We integrate the first relation $ \ frac (\ partial F) (\ partial x) = P \ left (x, y \ right) $ over $ x $ and get $ F \ left (x, y \ right) = \ int P \ left (x, y \ right) \ cdot dx + U \ left (y \ right) $, where $ U \ left (y \ right) $ is an arbitrary function of $ y $.

Let's choose it so that the second relation $ \ frac (\ partial F) (\ partial y) = Q \ left (x, y \ right) $ is satisfied. To do this, we differentiate the obtained relation for $ F \ left (x, y \ right) $ by $ y $ and equate the result to $ Q \ left (x, y \ right) $. We get: $ \ frac (\ partial) (\ partial y) \ left (\ int P \ left (x, y \ right) \ cdot dx \ right) + U "\ left (y \ right) = Q \ left ( x, y \ right) $.

Further solution is as follows:

from the last equality we find $ U "\ left (y \ right) $;
integrate $ U "\ left (y \ right) $ and find $ U \ left (y \ right) $;
substitute $ U \ left (y \ right) $ into the equality $ F \ left (x, y \ right) = \ int P \ left (x, y \ right) \ cdot dx + U \ left (y \ right) $ and finally we get the function $ F \ left (x, y \ right) $.

Find the difference:

We integrate $ U "\ left (y \ right) $ over $ y $ and find $ U \ left (y \ right) = \ int \ left (-2 \ right) \ cdot dy = -2 \ cdot y $.

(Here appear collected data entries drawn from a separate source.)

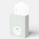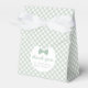 Avec sa sauge verte classique en vichy motif, ce ballotin s'harmonise parfaitement avec la collection de baby showers Lea Delaveris Design en vichy. Les points correspondent à l'adorable cravate arc qui se trouve à propos du texte personnalisé. Ce ballotin est parfait pour n'importe quel baby shower garçon de cravate arc et fonctionne aussi bien pour un baptême.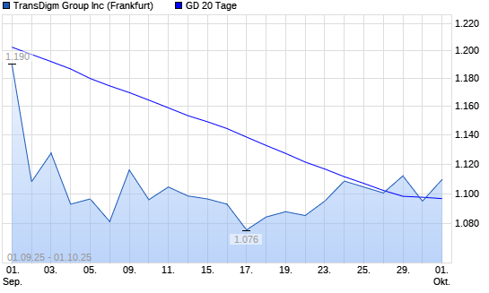 Mit dem Rücksetzer auf 1.095,00 EUR hat die TransDigm Group-Aktie am 30.09.2025 die 20-Tage-Linie nach unten gekreuzt.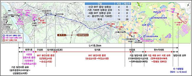 특히, 공주시 신월초 교차로에서 세종시 구간은 BRT 전용도로로 설치되어 버스의 통행속도와 정시성을 크게 향상시키고, 이용자들에게 보다 안정적이고 편리한 교통 서비스를 제공할 계획이다.
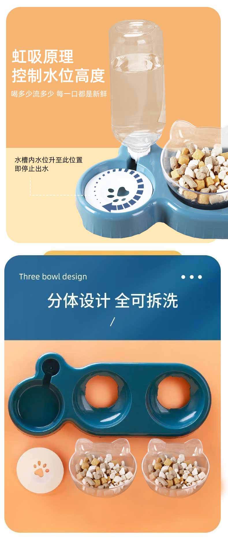 고양이 그릇, 이중 그릇, 강아지 그릇, 자동 물통, 투인원 자동 물 저장 및 흘러내림 방지 식기, 애완동물 용품 급식기스토어 가기

We find the result: $ F \ left (x, y \ right) = V \ left (x, y \ right) + U \ left (y \ right) = 5 \ cdot x \ cdot y ^ (2) +3 \ cdot x \ cdot y-2 \ cdot y $.

We write the general solution in the form $ F \ left (x, y \ right) = C $, namely:

Find a particular solution $ F \ left (x, y \ right) = F \ left (x_ (0), y_ (0) \ right) $, where $ y_ (0) = 3 $, $ x_ (0) = 2 $:

A particular solution is: $ 5 \ cdot x \ cdot y ^ (2) +3 \ cdot x \ cdot y-2 \ cdot y = 102 $.